Task requirements
A verbatim copy of the listing is needed; pictures are to be left out.

Given data
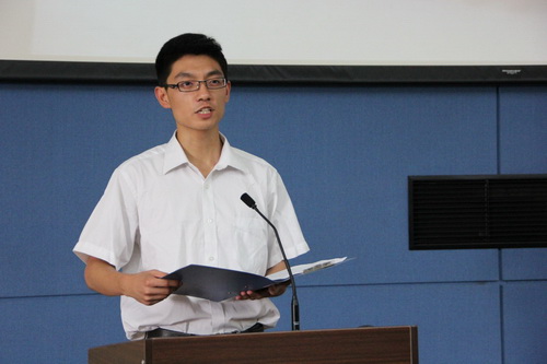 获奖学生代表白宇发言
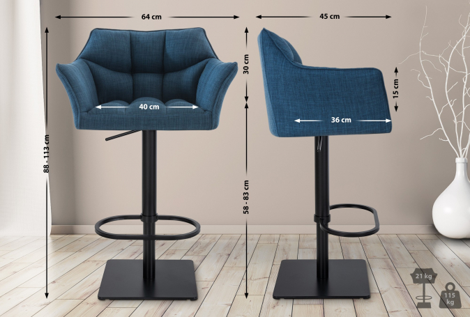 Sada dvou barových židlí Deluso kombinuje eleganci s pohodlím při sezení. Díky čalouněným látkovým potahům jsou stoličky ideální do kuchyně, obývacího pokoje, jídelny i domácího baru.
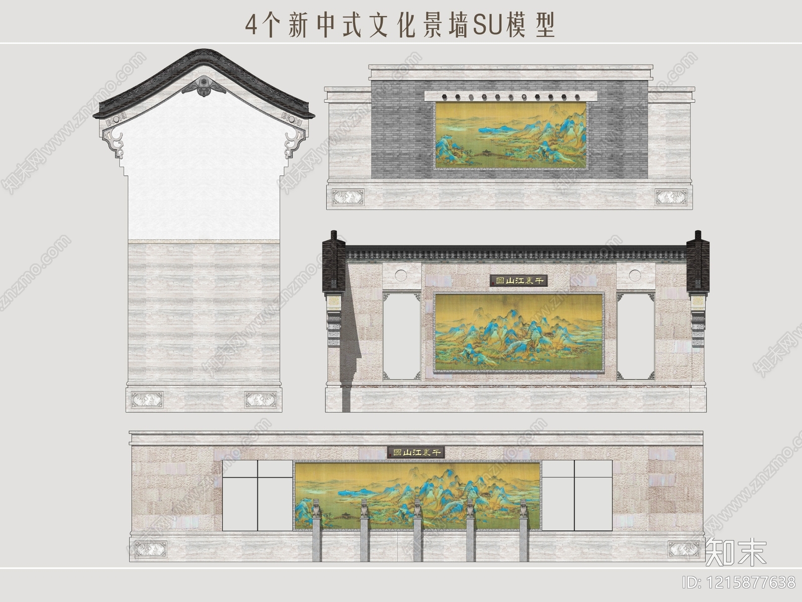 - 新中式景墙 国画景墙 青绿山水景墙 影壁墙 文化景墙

Written response
 获奖学生代表白宇发言
 Sada dvou barových židlí Deluso kombinuje eleganci s pohodlím při sezení. Díky čalouněným látkovým potahům jsou stoličky ideální do kuchyně, obývacího pokoje, jídelny i domácího baru.
 - 新中式景墙 国画景墙 青绿山水景墙 影壁墙 文化景墙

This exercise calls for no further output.